The Canadian cannabis company Canopy Growth is on the verge of finalizing its takeover of MTL Cannabis, a move announced alongside a quarterly earnings report that presented a complex picture of shrinking losses but persistent challenges.
Quarterly Performance: A Tale of Two Segments
For its third fiscal quarter of 2026, ending December 31, 2025, Canopy Growth reported net revenue of CAD $74.5 million, showing little change from the same period a year earlier. A breakdown reveals divergent trajectories across its business units.
The Canadian adult-use market saw an 8% increase to $23 million, fueled by new product lines under the Tweed, 7ACRES, and Claybourne brands. Similarly, the Canadian medical cannabis segment grew by 15% to reach $23 million, a result attributed to a larger base of patients with insurance coverage and higher order volumes. In stark contrast, international revenue collapsed by 31%, primarily due to supply chain disruptions in Europe. However, a sequential quarterly comparison offers a glimmer of recovery, with international sales rising 22% from the previous quarter as shipments to Europe resumed in the latter half of the period.
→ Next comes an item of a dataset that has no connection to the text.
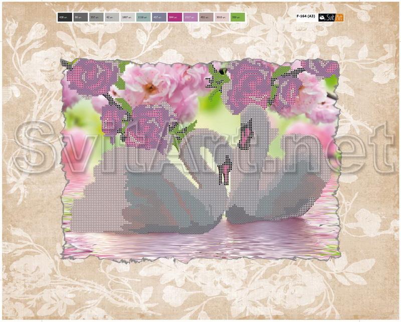 A pair of white swans and flowers - ХВ F-164
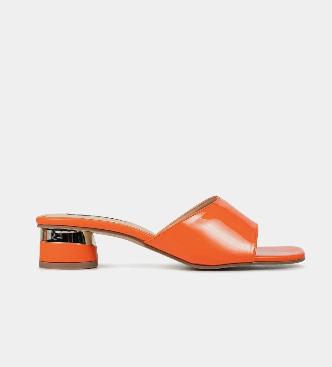 SANDALIA MULE TACÓN BAJO CHAROL NARANJA

The company’s gross margin contracted from 32% to 29%, pressured by weaker profitability in both its cannabis operations and its Storz & Bickel segment. Despite this, the net loss was approximately halved year-over-year. The adjusted EBITDA improved to negative $2.9 million, marking the third consecutive quarter of positive movement on this metric. Since March 2025, Canopy has realized annualized cost savings of $29 million.
MTL Acquisition Gains Overwhelming Shareholder Approval
The path to acquiring MTL Cannabis is now clear following a resounding vote by MTL shareholders. At a special meeting held on February 17, an overwhelming 99.97% of the votes cast were in favor of the transaction, with about 89% of eligible shareholders participating. The deal is expected to close before the end of March 2026, pending final court and third-party approvals.
Strategically, the merger is designed to position Canopy as the leading player in Canada’s medical cannabis market. MTL brings substantial financial heft to the union: for the twelve-month period ending September 2025, it generated net revenue of $84 million, a gross margin of 51% before fair value adjustments, and operating cash flow of $11 million. Canopy anticipates annual synergies of approximately $10 million, which it aims to capture within 18 months of closing the acquisition.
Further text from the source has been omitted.